Since the 1970s, Lafcadio would appear to be, for the scant few trying to find it, a lost film. In May 1976, Grove Press returned its 16mm prints of Lafcadio and Elisabeth to the filmmaker’s home in Paris; it cited “very little or no activity” in rentals as reason. No archive of Béranger’s work appears to exist in France. What salvaged Lafcadio from the fate of so many other lost amateur and avant-garde films? The process took a long while, but it started in the early 1980s, when Vogel donated his Cinema 16 papers and film prints to the Wisconsin Center for Film and Theater Research (WCFTR). Much of this material sat unprocessed for decades, until 2023, when the WCFTR received a $100K grant from the National Historical Publications and Records Commission. This grant facilitated the processing of four collections related to independent American film culture, Vogel’s Cinema 16 films and manuscripts being one of them. During processing, project archivist Matt St. John discovered two 16mm internegative prints related to Béranger, which were then digitized in August 2024. One of these prints is an incomplete version of Elisabeth, while the other, though in imperfect condition, contains Lafcadio in full.
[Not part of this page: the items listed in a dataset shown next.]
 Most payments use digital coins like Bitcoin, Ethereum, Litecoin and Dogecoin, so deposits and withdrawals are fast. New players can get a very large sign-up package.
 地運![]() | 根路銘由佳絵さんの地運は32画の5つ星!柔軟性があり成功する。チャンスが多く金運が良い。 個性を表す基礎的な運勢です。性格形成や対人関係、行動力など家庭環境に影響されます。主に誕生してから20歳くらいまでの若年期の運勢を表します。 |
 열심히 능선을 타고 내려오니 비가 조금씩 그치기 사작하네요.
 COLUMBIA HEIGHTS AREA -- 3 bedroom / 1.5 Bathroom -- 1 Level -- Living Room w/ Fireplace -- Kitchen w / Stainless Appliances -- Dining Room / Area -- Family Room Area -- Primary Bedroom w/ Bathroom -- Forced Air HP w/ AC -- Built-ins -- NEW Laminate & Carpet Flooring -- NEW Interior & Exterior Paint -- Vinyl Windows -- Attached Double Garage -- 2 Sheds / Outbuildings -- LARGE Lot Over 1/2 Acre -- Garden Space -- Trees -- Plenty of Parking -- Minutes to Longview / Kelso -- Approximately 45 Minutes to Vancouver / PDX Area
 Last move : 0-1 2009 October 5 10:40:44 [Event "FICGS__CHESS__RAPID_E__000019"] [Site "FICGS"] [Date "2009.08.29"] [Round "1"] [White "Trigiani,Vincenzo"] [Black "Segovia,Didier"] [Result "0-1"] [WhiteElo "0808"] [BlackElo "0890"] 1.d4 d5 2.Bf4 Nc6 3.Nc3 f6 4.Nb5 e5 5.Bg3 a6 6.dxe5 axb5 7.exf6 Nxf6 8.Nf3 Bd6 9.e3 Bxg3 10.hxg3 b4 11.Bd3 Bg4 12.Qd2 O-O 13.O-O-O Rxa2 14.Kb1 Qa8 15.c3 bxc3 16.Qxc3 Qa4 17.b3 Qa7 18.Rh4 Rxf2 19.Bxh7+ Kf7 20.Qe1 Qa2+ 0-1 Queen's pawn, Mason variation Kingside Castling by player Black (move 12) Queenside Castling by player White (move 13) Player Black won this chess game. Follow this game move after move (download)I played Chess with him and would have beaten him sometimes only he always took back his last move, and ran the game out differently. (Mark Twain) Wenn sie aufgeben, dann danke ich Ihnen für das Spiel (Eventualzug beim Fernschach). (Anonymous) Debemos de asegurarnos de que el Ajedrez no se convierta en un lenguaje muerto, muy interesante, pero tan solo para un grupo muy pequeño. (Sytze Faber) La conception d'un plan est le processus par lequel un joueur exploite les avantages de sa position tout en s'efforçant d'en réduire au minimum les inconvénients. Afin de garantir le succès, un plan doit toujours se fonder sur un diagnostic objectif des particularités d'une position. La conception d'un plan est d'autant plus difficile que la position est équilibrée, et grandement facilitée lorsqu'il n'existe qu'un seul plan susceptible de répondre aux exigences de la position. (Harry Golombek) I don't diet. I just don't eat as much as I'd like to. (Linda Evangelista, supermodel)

It is now 2025, and the UW-Cinematheque is about to publicly screen Lafcadio (via digitized file) for the first time in a half century. Why should you care? I will make no bold claims that this film will change your life or rewrite film history as we know it. But it is a well-made, compelling, and quite poignant film, as evidenced during its (spoiler alert) climactic suicide attempt. This scene, shot in stark chiaroscuro, reveals an earlier scene (at the two-minute mark) to be a flashback, proving our dear friend, the late David Bordwell, right again regarding how much 1940s filmmakers embraced storytelling techniques of fragmentation. This suicidal act is unambiguously spurred by the protagonist’s torment over his homosexuality. Lafcadio’s frank depiction of gay (and bi) sexuality is its most remarkable quality today, and as such it deserves a place in the histories of postwar queer avant-garde cinema, as a French analogue of sorts to Kenneth Anger’s Fireworks (1947) or Gregory Markopoulos’s Christmas U.S.A. (1949).
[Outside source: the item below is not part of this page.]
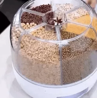 Step into a world of kitchen elegance with the Modern 6-Grid Rotating Grain Dispenser. Its compact design, crafted from high-quality materials, is a testament to durability and aesthetic finesse. The six individual storage cells effortlessly accommodate my diverse dry foods, maintaining freshness with its superior sealing capability. The unique rotating feature sets it apart, providing easy access and making my kitchen clutter-free. Choosing this dispenser was a conscious decision for a more organized and efficient kitchen space.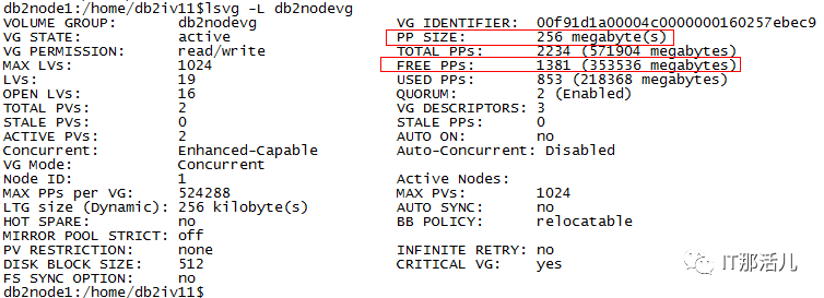 当前VG db2nodevg的pp size为256MB,pp size即扩容的最小单位大小。当前剩余可扩容数量为1381个,即:1381*256M=353536M(350G)

Amos Vogel—a prototypical “ally” if there ever was one—immediately recognized Lafcadio’s sensitive treatment of homosexuality. Vogel’s 1951 blurb, which doubles as a plot synopsis, plainly captures his conviction:
The commercial motion picture, hampered by the production code, financial considerations and the necessities of a mass market, has never been able to deal with some of the very real emotional problems of human beings. With sincerity and an enthusiasm unmarred by too much experience, Jean Beranger rushed in where angels feared to tread. Lafcadio, the son of a well-to-do family in the province, comes to Paris to study. In the boarding house, he slowly discovers that his feelings for his roommate are something more than mere friendship. At the same time, he is neither interested in girls at school nor in the prostitute whom he follows but finally decides not to approach. Afraid of his feelings, frustrated by his puritanical upbringing, he attempts suicide. When it fails, he returns home, leaving behind the girl and the boy; but we know that this “escape” is no solution.
In his correspondence with Vogel, Béranger made no bones about his intentions. One letter of his opens: “Why do the movies, at present the most potent means of expression, maintain a conspiracy of silence concerning homosexuality? Why do they always proclaim that boys meet girls and deny that very often boys meet boys?” He proceeds to champion both the 16mm format, as the sole available means to represent queer desire, and Anger’s Fireworks, which he only saw after completing his own film. “[Fireworks] is a film that leaves you breathless: it undoubtedly goes much further than Lafcadio,” Béranger concedes. However much truth this sentiment holds, it takes nothing away from the tragic clarity of Béranger’s vision, or from the fortuitous occasion to view it once again.